In Italia ci sono dei terapeuti che praticano questo metodo ma si contano sulle dita di una mano. La persona che risiede nella mia regione è una di quelle che ha ottenuto una guarigione miracolosa attraverso la pratica del metodo! Questo per me si che è un’ottima credenziale!

La sola cosa incurabile sono io

La cosa buffa è che dopo avermi incontrato, subito nei primi 20 minuti (delle 2 ore trascorse a discorrere), ha dovuto scusarsi del fatto che non riteneva di avere le energie per affiancarmi in un viaggio dentro la mia anima.

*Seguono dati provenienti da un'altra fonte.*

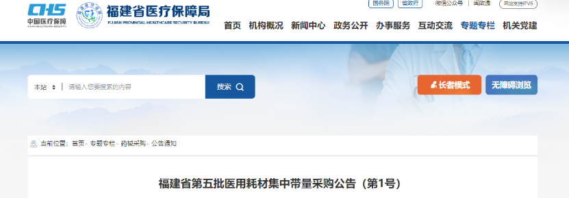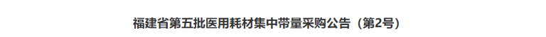 8月9日,福建省醫(yī)保局發(fā)布《福建省第五批醫(yī)用耗材集中帶量采購公告(第1號)》及《福建省第五批醫(yī)用耗材集中帶量采購公告(第2號)》(附文末)。

Io ho fatto finta di non esserci rimasto nemmeno tanto male. Ho sottolineato che non occorreva si giustificasse di questo fatto, che faceva benissimo a fidarsi del suo istinto. Tanto più che se il suo istinto suggeriva che avrebbe perso del tempo, in un certo senso lo avrebbe fatto perdere un pò anche a me, oppure avrebbe deluso comunque delle aspettative.

Poi però non ho resistito. Avevo ascoltato che questa persona aveva già effettuato ben 400 journey. Con grande beneficio dei suoi pazienti, anche se vi erano delle guarigioni spirituali ma senza scomparsa delle malattie in un paio di casi citati. Ma casi disperati come tumori allo stadio terminale che avrebbero messo in difficoltà anche Gesù Cristo. Oppure patologie più rare che non posso citare per non facilitare l’identificazione di questo terapeuta. Preferisco non farlo perché il resoconto riferito in quest’articolo potrebbe generare un giudizio non del tutto positivo (un terapeuta che rifiuta un paziente…). Ma la verità è che questa persona mi ha dato un’ottima impressione. Come dicevo ad un certo punto non ho resistito… Ed ho domandato quanti fossero stati i pazienti che non avevano avuto il via libera ad affrontare il ‘journey’.

Con grande naturalezza (o forse c’era anche un pizzico di soggezione, ora non ricordo), ma ha detto “per la verità tu sei il primo“.

Tu che dici, dovrei preoccuparmi? Farò la fine di Hector, the first of the gang to die?